A recent Seventh Circuit decision pushed back on a proposed settlement of the Subway “footlong sub” class action, finding the proposed settlement a “racket” designed to benefit class counsel without any benefit to the class. The story begins in 2013 when a Facebook post showing a Subway footlong sandwich measuring just 11 inches went viral. Shortly thereafter, the plaintiffs’ attorneys filed nine class actions seeking damages and injunctive relief against Subway.

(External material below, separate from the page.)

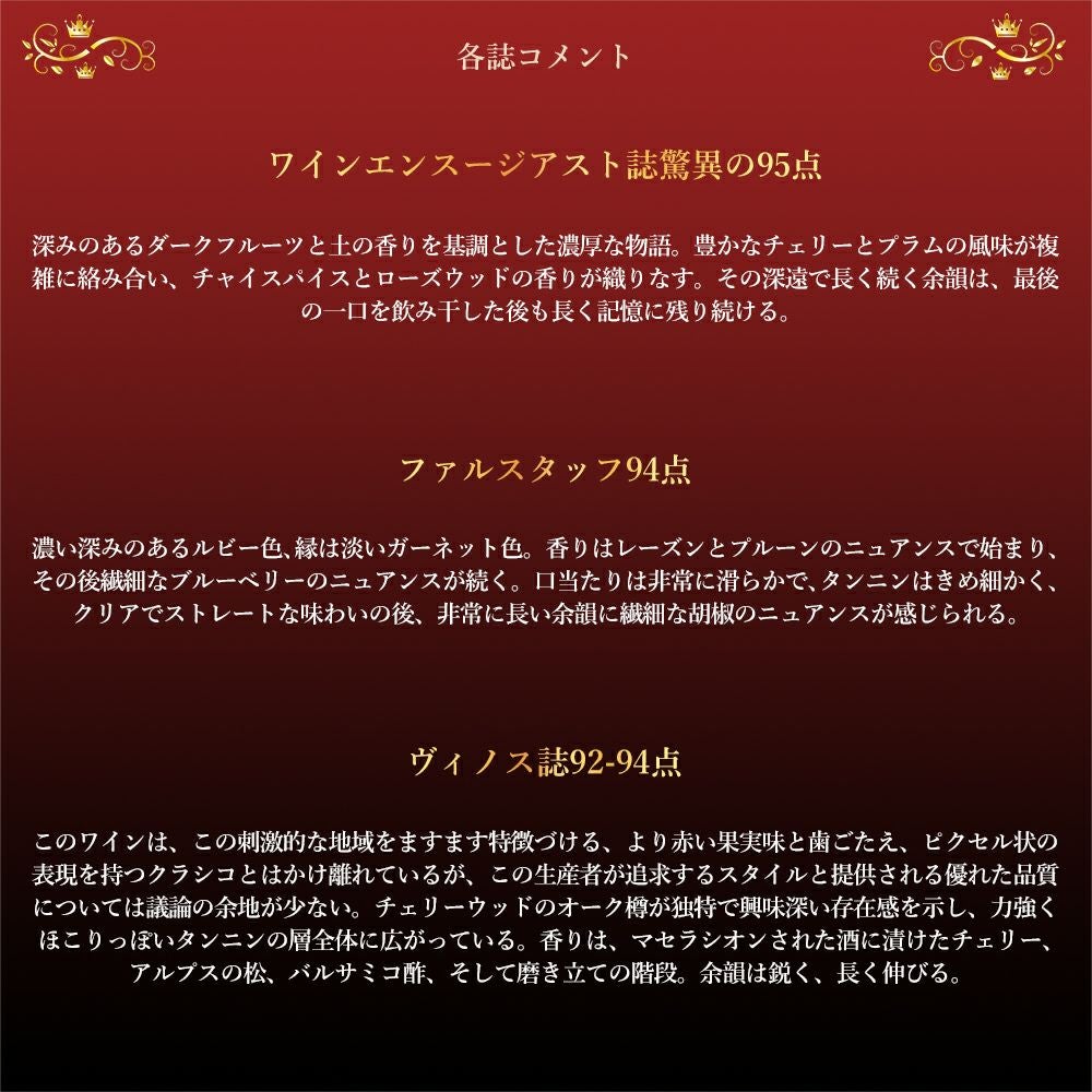他の画像を見る モレ サン ドニ 2023 蔵出し作品 ドメーヌ オーディフレッド元詰 AOCモレ サン ドニ 14.5%Morey St. Denis 2023 Domaine Audiffred AOC Morey-St.-Denis 赤ワイン フランス フルボディ 辛口 当店特別価格 ¥ 11,202 税込 カートに入れる お気に入りに登録する

While the plaintiffs may have thought their class claims had merit, initial discovery demonstrated their case did not measure up. Subway showed that it used standard, equally weighted dough sticks for its footlong sandwiches, thus ensuring that each customer received the same quantity of food. Moreover, discovery confirmed that the “overwhelming majority” of sandwiches were indeed 12 inches long. Certification – and injury – under Rule 23(b)(3) therefore proved impossible: Only mini-trials could determine which customers received undersize sandwiches.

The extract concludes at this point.